0

This df is from the complete journey package. have join df's in order to show the transaction_timestamp, household_id, product_type and product_kind). Product kind is a variable created to show what type of item bought was. The problem is, each transaction timestamp and the household id are repeated with each row showing a different product_kind. How can I make it so that there is a new row which combines the transaction?

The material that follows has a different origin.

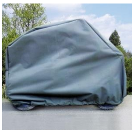
Copertura di protezione 1997570
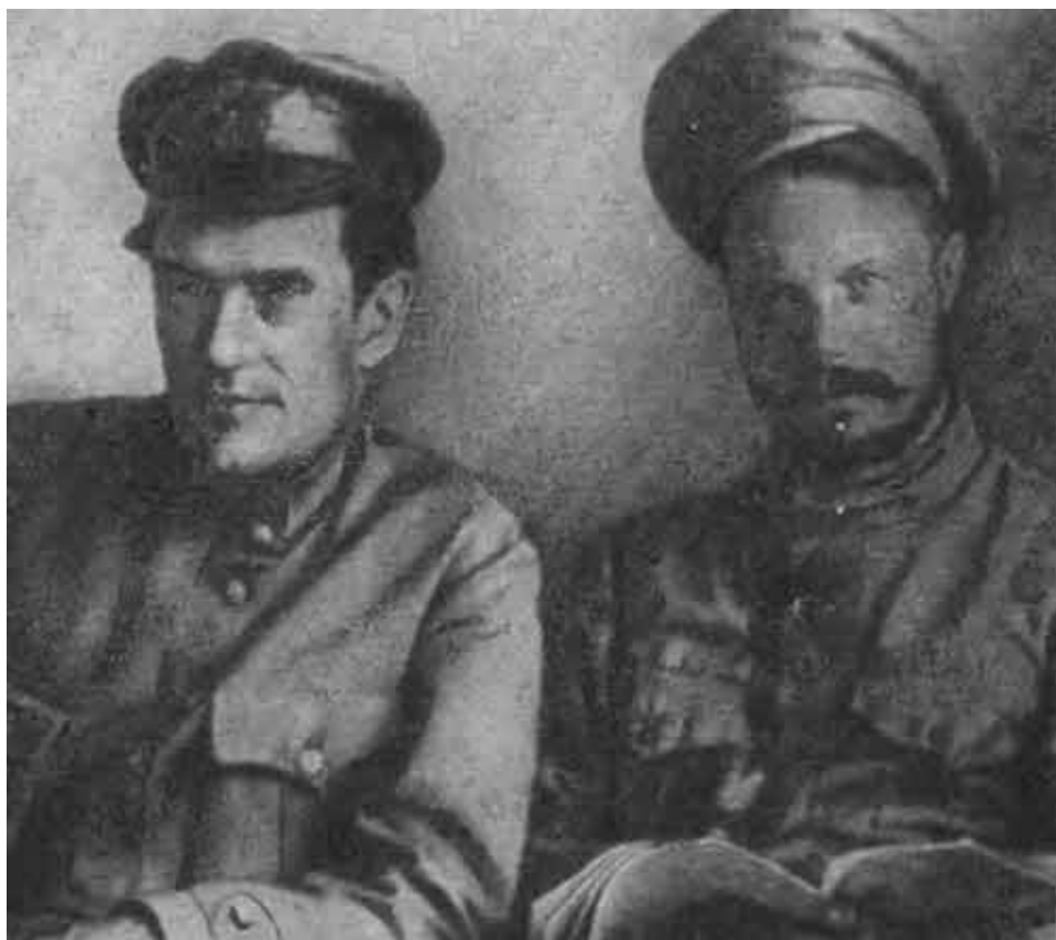
В. В. Куйбышев и М. В. Фрунзе на Туркестанском фронте. 1920 год.

trying to create a new row that shows when both beer and ice were purchased during the same transaction_timestamp and household_id, while also showing when they were purchased by themselves.

library(completejourney)
transactions <- get_transactions()

transactions%>%
  inner_join(products, by = "product_id")%>%
  mutate(product_kind = str_extract(product_type, regex("Wine|Beer|ICE - CRUSHED/CUBED|DELI TRAY:MEAT AND CHEESE",ignore_case = TRUE))) %>%
  filter(!str_detect(product_type,regex("cooking|vinegar",ignore_case = TRUE )))%>%
  filter(str_detect(product_kind,regex("Wine|Beer|ICE - CRUSHED/CUBED|Cheese",ignore_case = TRUE)))%>%
  group_by(product_kind)%>%
  summarise(total_sales_value = sum(sales_value, total_sales_quantity = sum(quantity)))%>%
  arrange(desc(total_sales_value))

transactions%>%
  select(transaction_timestamp, household_id, product_type, product_kind)%>%
  group_by(transaction_timestamp)%>%
  mutate(Cold_One = case_when(product_kind == 'BEER'& product_kind == "ICE - CRUSHED/CUBED" ~"Beer and Ice"))%>%
  count(Cold_One)
  • 2
    you should include the code that calls the other data and joins it so that someone can reproduce this and help you with it! – sconfluentus Oct 06 '22 at 21:43

0 Answers0